I just learnt pandas and basically I want to take the some rows of a dataframe based on the ids that are stored in another dataframe. Let me show you the code:
import pandas as pd
from sklearn.model_selection import train_test_split
f_data="data.tsv"
all_data = pd.read_csv(f_data,delimiter='\t',encoding='utf-8',header=None)
x_data = all_data[[0,1,3]]
y_data = all_data[[2]]
# Split train and test sets
x_train,x_test,y_train,y_test = train_test_split(x_data,y_data,test_size=0.1)
all_data have 12 columns in total. I use 3 of the columns in x_data and 1 of them in y_data.
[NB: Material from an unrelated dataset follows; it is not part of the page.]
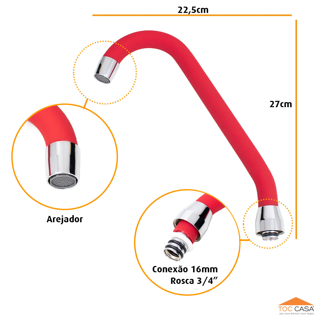 Tubo J Silicone Vermelho Arejador Fixo Latão Cromado

Once I create x_train and x_test, I would like to write these instances into tsv files but while doing that I want to write all of the 12 columns stored in all_data. To be able to do that, I need to match the instances in x_train and x_test with all_data. How could I do that ?
EDIT
Here how my data looks like:
all_data
0 1 2 3 ... 8 9 10 11
0 35 Auch in Großbritannien, wo 19 Atomreaktoren in... Ausstieg -1.0 ... Sunday Times Sunday Times NaN 1
# continues like that
x_train
0 1 3
939 2074 Die CSU verlangt von der schwarz-gelben Koalit... 1.0
So, what I want to do is to get the rows starting with 939,710,288,854,433 in all_data and write them into a file.
all_data.loc[x_data.index]? You haven't shown us your data though.